**WHAT TO PRODUCE:** Your answer should hold exactly the lines below from the line with "原村 PHOTO DIARY" through the line with "Tủ lạnh tích", both included, and no pictures at all.

**RECORDS:**

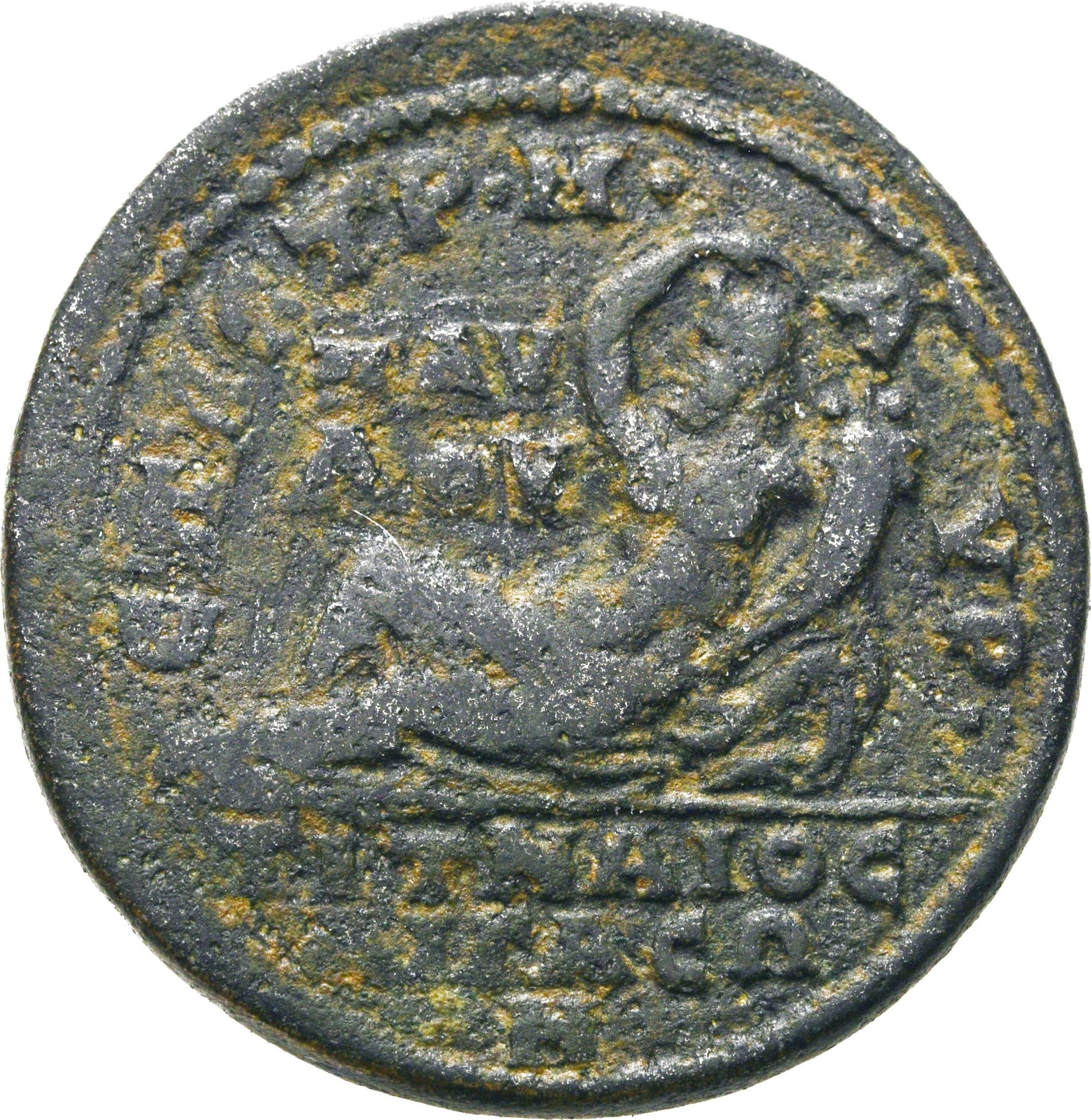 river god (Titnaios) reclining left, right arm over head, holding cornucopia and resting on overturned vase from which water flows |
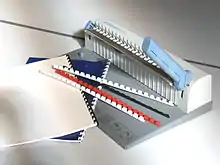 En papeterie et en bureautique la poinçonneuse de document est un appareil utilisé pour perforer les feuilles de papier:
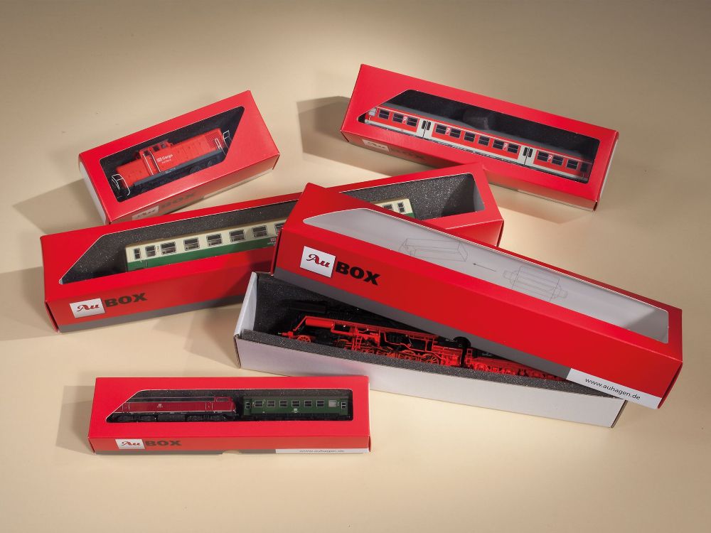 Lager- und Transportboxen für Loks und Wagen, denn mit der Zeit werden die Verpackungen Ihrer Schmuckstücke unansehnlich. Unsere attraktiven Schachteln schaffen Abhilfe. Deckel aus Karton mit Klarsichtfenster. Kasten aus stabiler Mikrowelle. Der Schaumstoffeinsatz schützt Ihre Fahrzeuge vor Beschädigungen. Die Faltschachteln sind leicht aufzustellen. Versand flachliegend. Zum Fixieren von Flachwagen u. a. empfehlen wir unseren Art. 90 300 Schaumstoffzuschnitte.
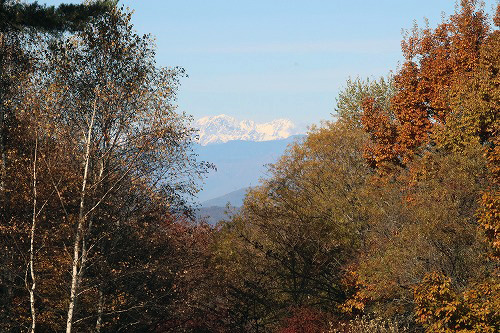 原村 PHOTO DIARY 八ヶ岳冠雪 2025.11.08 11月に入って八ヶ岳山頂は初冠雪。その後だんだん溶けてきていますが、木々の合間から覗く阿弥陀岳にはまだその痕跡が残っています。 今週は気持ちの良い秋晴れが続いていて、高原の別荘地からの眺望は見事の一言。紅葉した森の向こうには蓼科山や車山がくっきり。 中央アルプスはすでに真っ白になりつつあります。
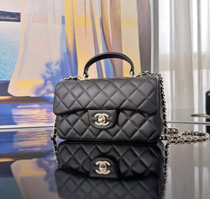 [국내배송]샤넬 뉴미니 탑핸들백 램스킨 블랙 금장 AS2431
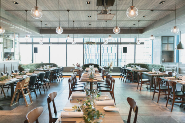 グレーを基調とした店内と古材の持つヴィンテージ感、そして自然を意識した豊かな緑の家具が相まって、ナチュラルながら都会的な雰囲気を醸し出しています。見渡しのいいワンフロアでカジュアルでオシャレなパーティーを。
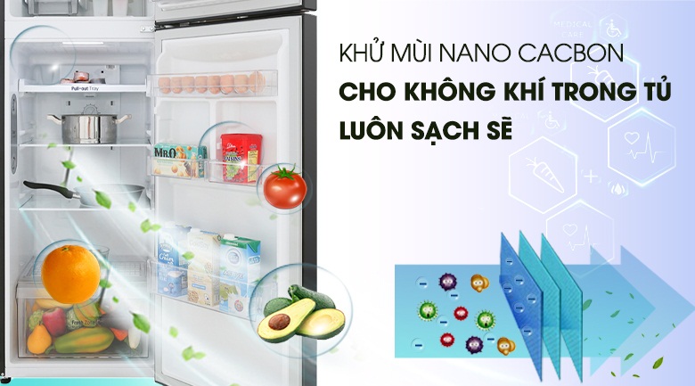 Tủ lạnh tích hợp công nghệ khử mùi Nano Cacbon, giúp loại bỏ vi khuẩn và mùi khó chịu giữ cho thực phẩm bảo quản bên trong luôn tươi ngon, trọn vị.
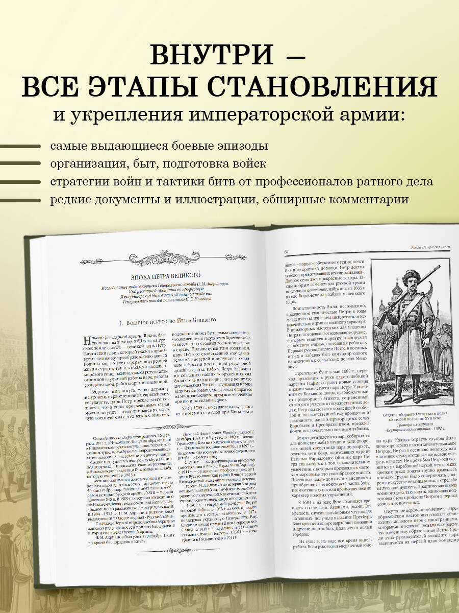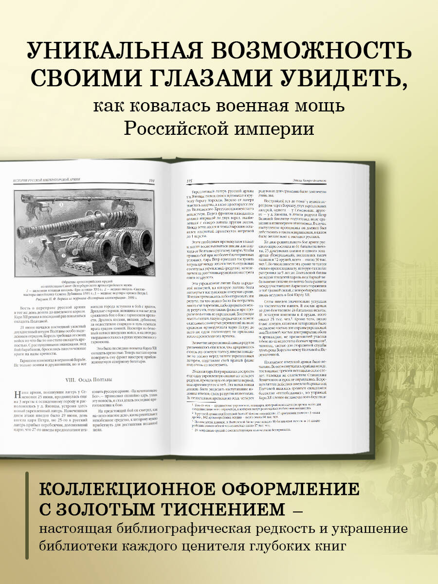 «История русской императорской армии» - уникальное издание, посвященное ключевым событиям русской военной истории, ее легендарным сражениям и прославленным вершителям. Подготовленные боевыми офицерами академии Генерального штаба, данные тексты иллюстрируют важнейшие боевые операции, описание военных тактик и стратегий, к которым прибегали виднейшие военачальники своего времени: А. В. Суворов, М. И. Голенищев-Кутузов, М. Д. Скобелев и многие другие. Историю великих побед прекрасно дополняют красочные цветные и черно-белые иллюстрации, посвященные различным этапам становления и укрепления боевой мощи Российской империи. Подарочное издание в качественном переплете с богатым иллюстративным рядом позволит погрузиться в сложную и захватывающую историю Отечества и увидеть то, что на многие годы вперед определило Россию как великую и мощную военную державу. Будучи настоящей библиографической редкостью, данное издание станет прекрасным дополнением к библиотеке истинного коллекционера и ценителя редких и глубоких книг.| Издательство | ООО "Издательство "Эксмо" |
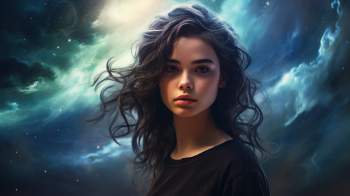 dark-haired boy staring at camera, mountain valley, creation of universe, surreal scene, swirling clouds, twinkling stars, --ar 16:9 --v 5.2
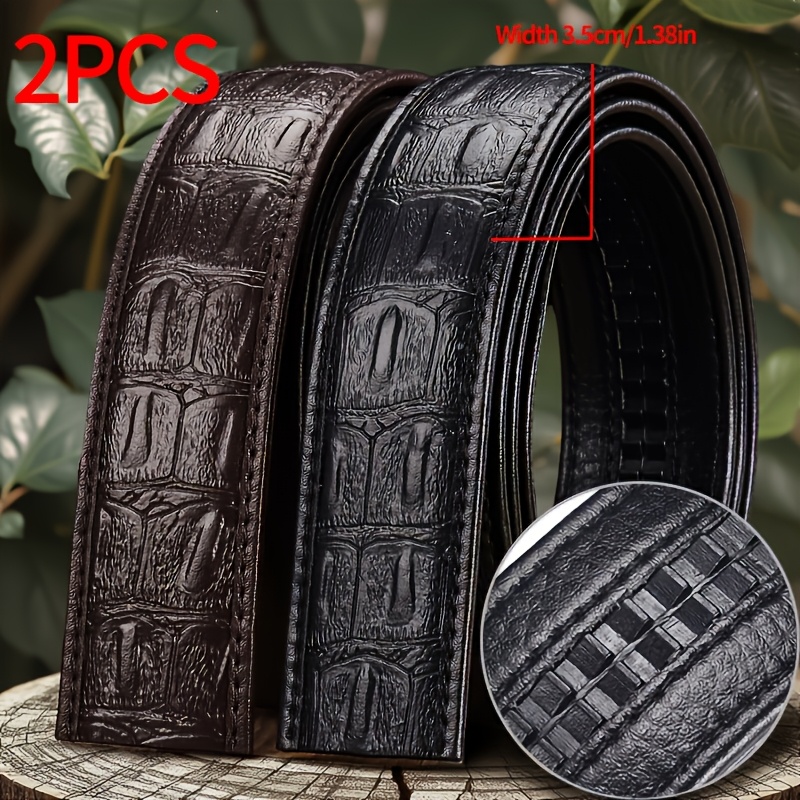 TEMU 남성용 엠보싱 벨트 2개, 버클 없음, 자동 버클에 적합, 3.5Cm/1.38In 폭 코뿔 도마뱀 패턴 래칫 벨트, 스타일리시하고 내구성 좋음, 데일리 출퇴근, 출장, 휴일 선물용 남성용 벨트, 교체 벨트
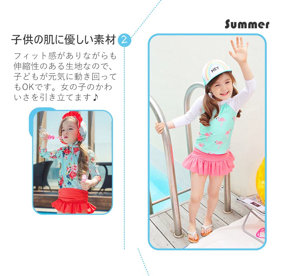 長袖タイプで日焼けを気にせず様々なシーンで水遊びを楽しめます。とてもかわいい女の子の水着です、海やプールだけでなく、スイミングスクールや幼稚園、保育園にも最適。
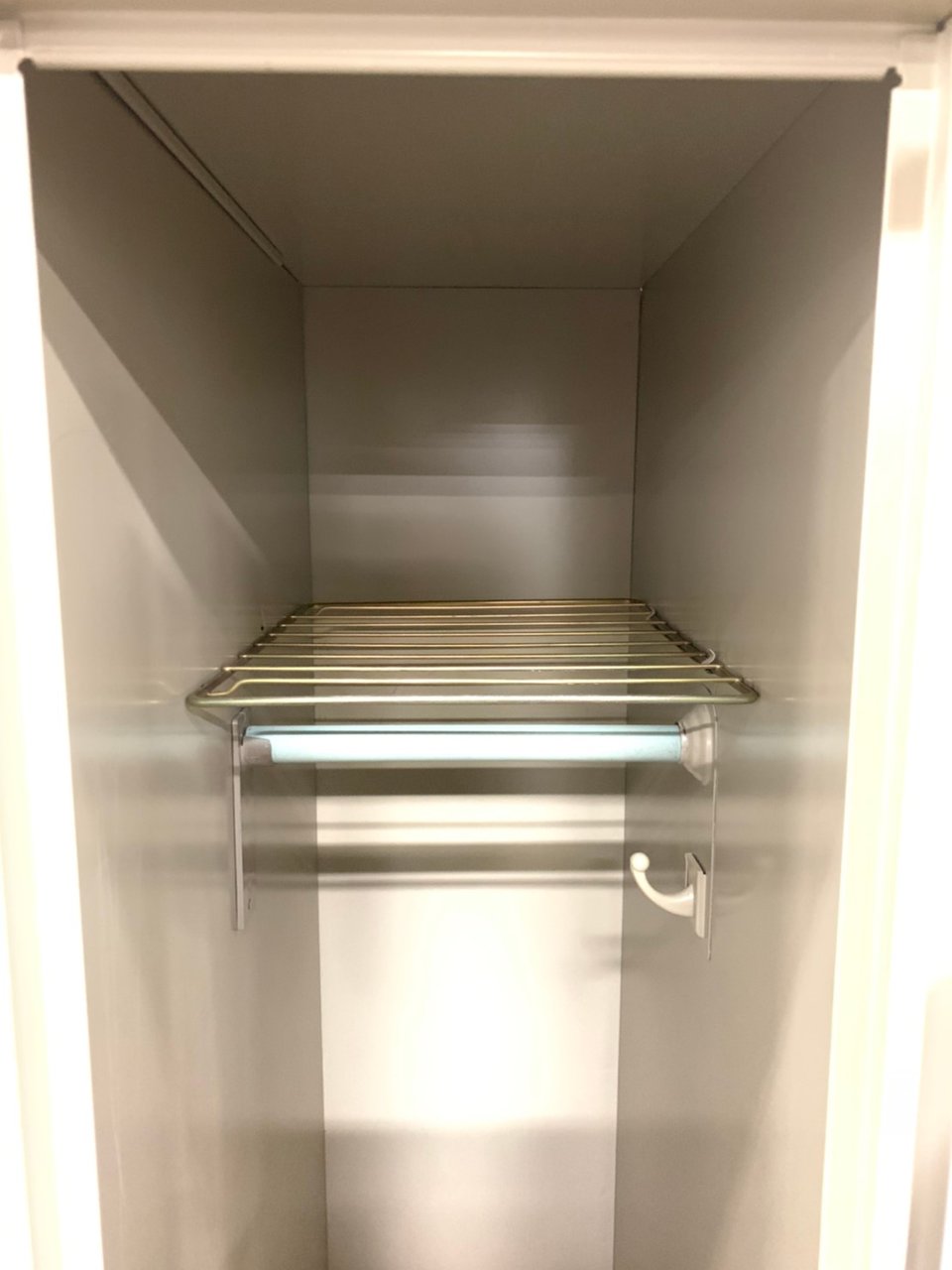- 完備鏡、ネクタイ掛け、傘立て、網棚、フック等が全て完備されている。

**THE ANSWER:**
 原村 PHOTO DIARY 八ヶ岳冠雪 2025.11.08 11月に入って八ヶ岳山頂は初冠雪。その後だんだん溶けてきていますが、木々の合間から覗く阿弥陀岳にはまだその痕跡が残っています。 今週は気持ちの良い秋晴れが続いていて、高原の別荘地からの眺望は見事の一言。紅葉した森の向こうには蓼科山や車山がくっきり。 中央アルプスはすでに真っ白になりつつあります。
 [국내배송]샤넬 뉴미니 탑핸들백 램스킨 블랙 금장 AS2431
 グレーを基調とした店内と古材の持つヴィンテージ感、そして自然を意識した豊かな緑の家具が相まって、ナチュラルながら都会的な雰囲気を醸し出しています。見渡しのいいワンフロアでカジュアルでオシャレなパーティーを。
 Tủ lạnh tích hợp công nghệ khử mùi Nano Cacbon, giúp loại bỏ vi khuẩn và mùi khó chịu giữ cho thực phẩm bảo quản bên trong luôn tươi ngon, trọn vị.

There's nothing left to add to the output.